Where did you install the PoE filter? It typically needs to be on the input side of the first splitter where the cable enters the premises (or the down-lead from the antenna, on the input of the first splitter, if dealing with over the air).

Have you looked at network diagnostics on the Bolt+ and the Premiere XL? Your Bolt should be creating the network, and the Premiere should be configured as and showing as a client. It would be helpful if you can screen capture those diagnostic screens with a cell phone photo, and post those here- or at least note the Tx Power and Rx Power levels as shown on each node.


----------



## tapokata (Apr 26, 2017)

A full system shutdown and sequential restart might help, as well- power down your Premiere, the Bolt, and your router- and bring them back up, one at a time, in reverse order (ie, allow the router to come up first, then the Bolt+, and the Premiere last). Sometimes the IP addresses need to be cleared, and will be with this type of reset.


----------



## Dr_Zoidberg (Jan 4, 2004)

tapokata said:


> Where did you install the PoE filter? It typically needs to be on the input side of the first splitter where the cable enters the premises (or the down-lead from the antenna, on the input of the first splitter, if dealing with over the air).

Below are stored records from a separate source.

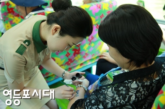 철도관광의 새로운 패러다임으로 전환하는 평화열차 DMZ-트레인 경원선 관광 전용열차가 8월 1일부터 운행에 들어간 가운데 3일(일) 오후 승무원이 열차를 이용하는 승객 팔등에 경원선 관광 전용열차의 이름인 DMZ이라는 글자를 써주고 있다.
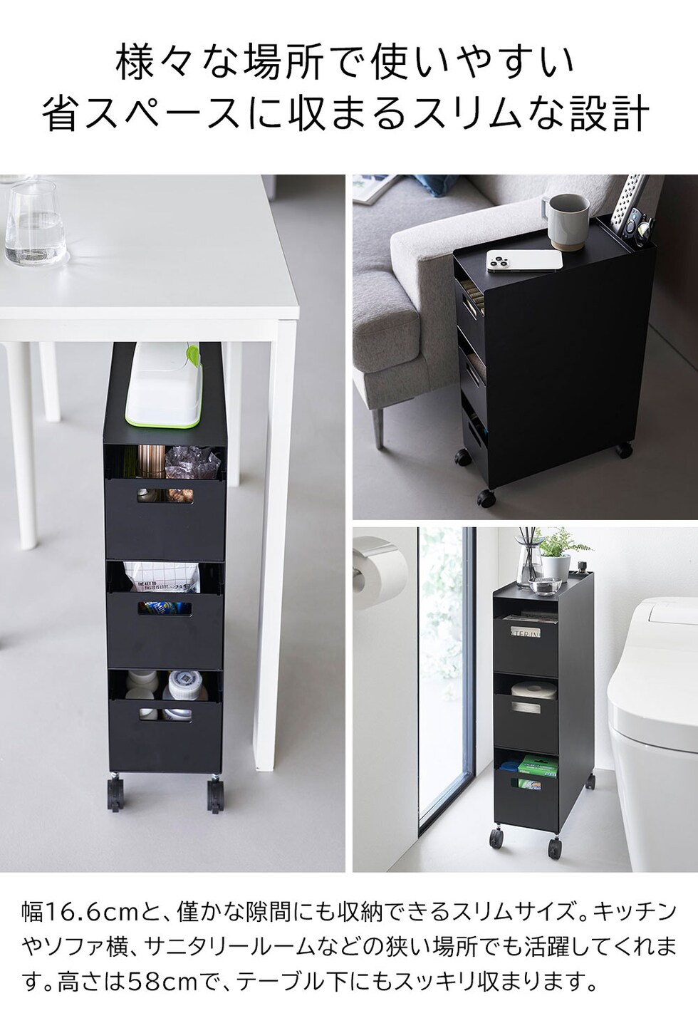 商品サイズ 本体:W16.6×D43×H58cm バスケット:W15.3×D32.1×H12.2cm(1つあたり) |
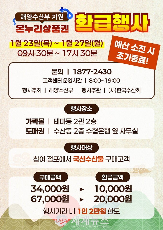 국내산 수산물 소비촉진을 위해 해양수산부 및 한국수산회에서 주관하는 행사로 가락시장 내 497개 점포에서 3만4천원 이상 구매시 1만원권, 6만7천원 이상 구매시 2만원권의 온누리 상품권을 받을 수 있다.
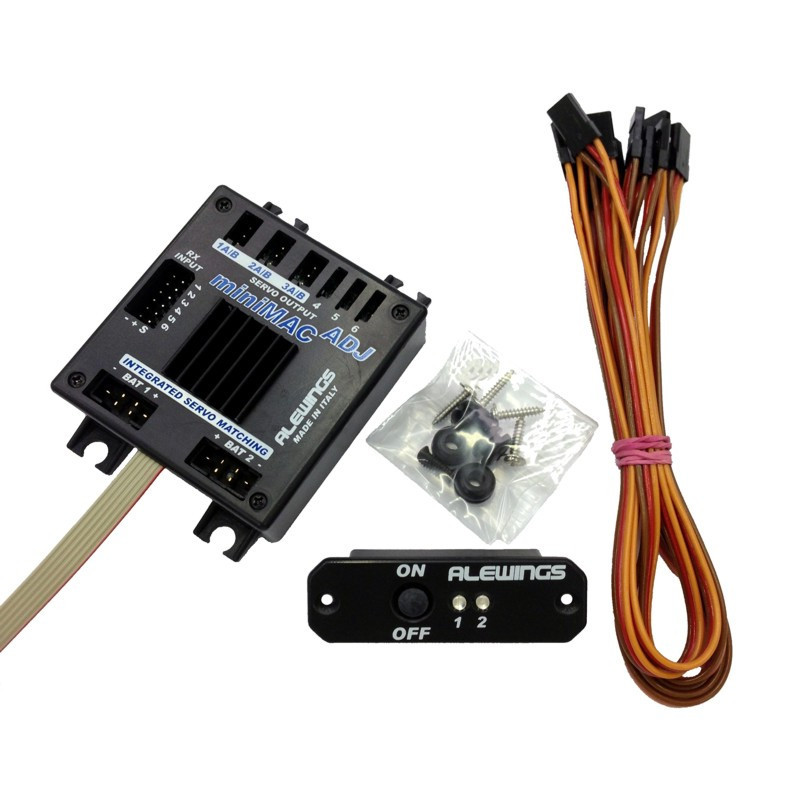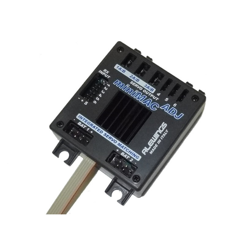 La MiniMAC ADJUST est une centrale de gestion des installations de radiocommande, elle permet de programmer les servos de premières 3 voies, elle accepte en entrée deux batteries et six voies de radiocommande.Caractéristiques :
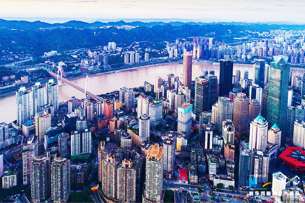 图为清晨五点三十一分,无人机航拍重庆朝天门,朝霞逐渐取代华灯,城市夜色渐渐隐去。新华网发(龚祖章 摄)
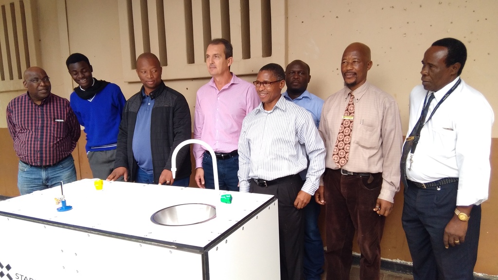 Grade 12 learners from VK Kwinana Senior Secondary School washing hands after conducting an experiment on the Kusile Labs & Technology Mobile Science Lab in Kwa Nobuhle, Uitenhage, Eastern Cape.
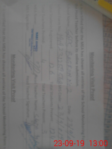 | Certified that this School was Inspected by the Undersigned MEA/DMO Today and the Information Stated Above is as Per Record. | |||||
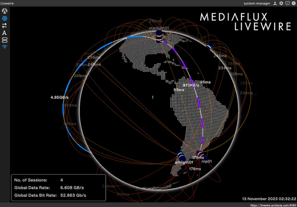 Using parallel TCP/IP protocols to minimize network administration overhead, Livewire can be deployed as a stand-alone solution to directly replace other network transmission tools. With these enhancements, the system can scale from the smallest and most unreliable networks to networks of hundreds of gigabits to terabits per second. Livewire is integrated within the Mediaflux metadata-driven ecosystem, allowing all Mediaflux systems and capabilities to seamlessly work together across different network topologies. Users and systems can leverage the power of metadata to orchestrate the flow of data around the globe securely. Mediaflux knows exactly where all data is located and who transmitted the data. This global visualization of data flows is unique to Mediaflux and highlights Arcitecta’s expertise in geospatial data management and ability to deliver a view of all data presence points.

The filter between the Fios adapter and the first splitter, right before the splitter.



> Have you looked at network diagnostics on the Bolt+ and the Premiere XL? Your Bolt should be creating the network, and the Premiere should be configured as and showing as a client. It would be helpful if you can screen capture those diagnostic screens with a cell phone photo, and post those here- or at least note the Tx Power and Rx Power levels as shown on each node.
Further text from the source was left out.